§ **Task description**:
Below, locate the line that contains "tuotepäällikkö Pasi Nilanen". Repeat exactly from that line to the line that contains "ภาพที่ 15 ม้วนมือลักษณะที่เรียกว่า ฟ้อนควงมือ", inclusive, leaving out the pictures.

--- --- ---

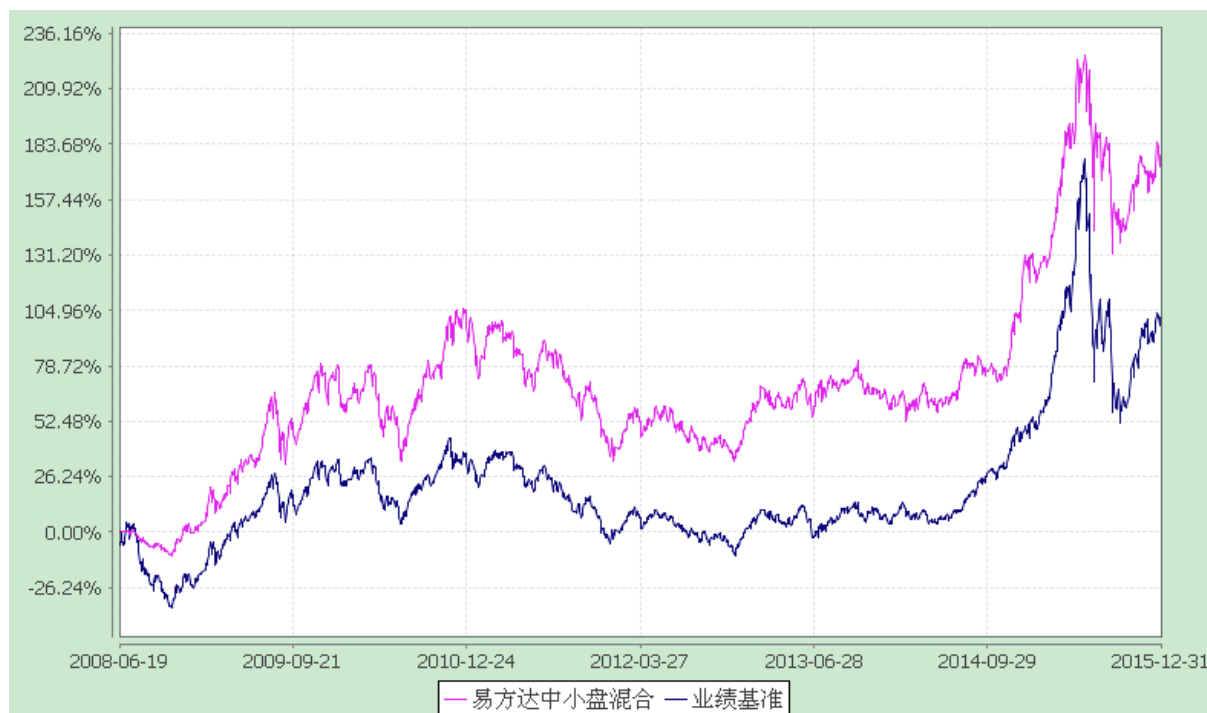
易方达中小盘混合型证券投资基金 份额累计净值增长率与业绩比较基准收益率历史走势对比图 (2008年6月19日至2015年12月31日)

注：自基金合同生效至报告期末，基金份额净值增长率为 176.53%，同期业绩比较基准收益率为 98.76%。
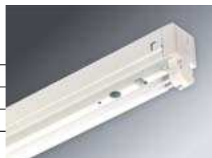
Perusrunko on myös yksi markkinoiden helpoimpia asentaa

tuotepäällikkö Pasi Nilanen puh. 010 283 2353 tai pasi.nilanen@slo.fi
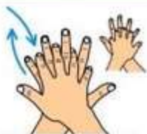
Разотрите мыло правой ладонью поверхность левой руки с перекрещиванием пальцев и наоборот
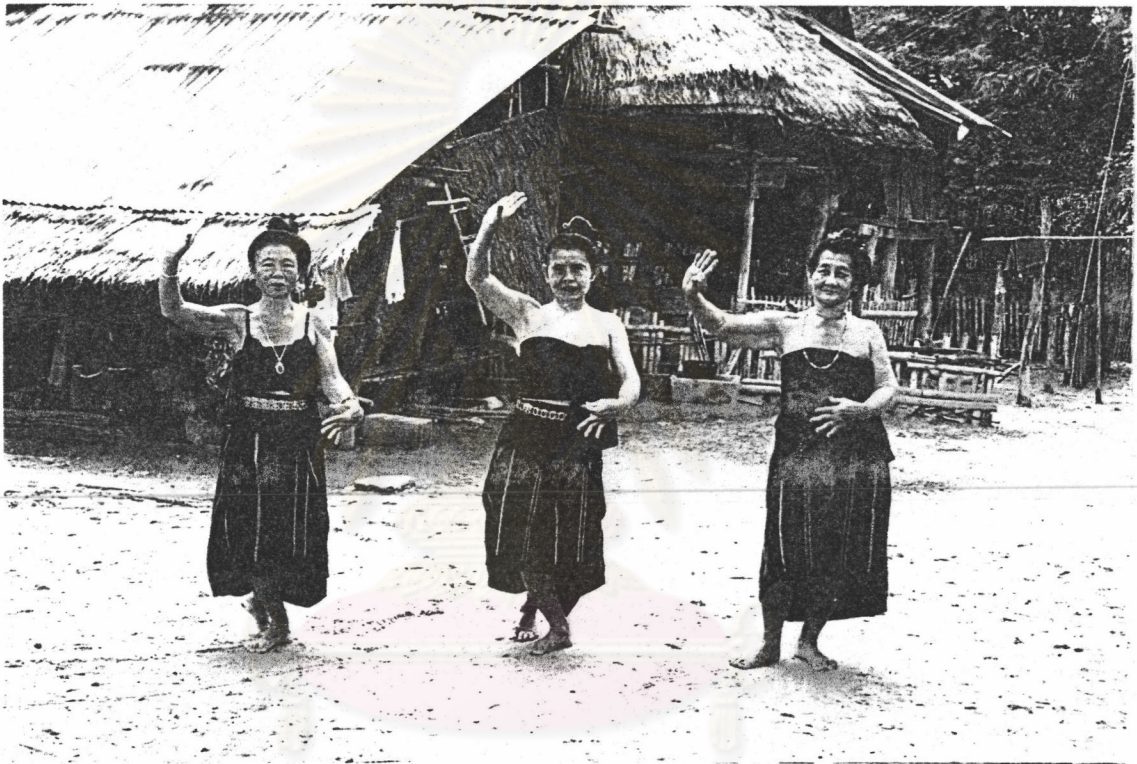
ภาพที่ 15 ม้วนมือลักษณะที่เรียกว่า ฟ้อนควงมือ

4.1.1 จับมือแล้วม้วนมือ คือ หักข้อมือลงมากำมุกกับลำแขน ประมาณ 90 องศา โดยให้นิ้วชี้หักลงมาโดยทำมุมกับนิ้วกลาง ประมาณ 45 องศา และขนานกับ นิ้วหัวแม่มือ นิ้วที่เหลือปล่อยตามธรรมชาติ แล้วหมุนข้อมือไปทางนิ้วก้อย หักข้อมือตั้งขึ้นให้ฝ่ามือหัน ออกนอกลำตัว ลักษณะการม้วนมือเช่นนี้แม่ครูไทยทรงดำเรียกว่า "ฟ้อนควงมือ" 3

--- --- ---

§ **Solution to the problem**:
tuotepäällikkö Pasi Nilanen puh. 010 283 2353 tai pasi.nilanen@slo.fi
Разотрите мыло правой ладонью поверхность левой руки с перекрещиванием пальцев и наоборот
ภาพที่ 15 ม้วนมือลักษณะที่เรียกว่า ฟ้อนควงมือ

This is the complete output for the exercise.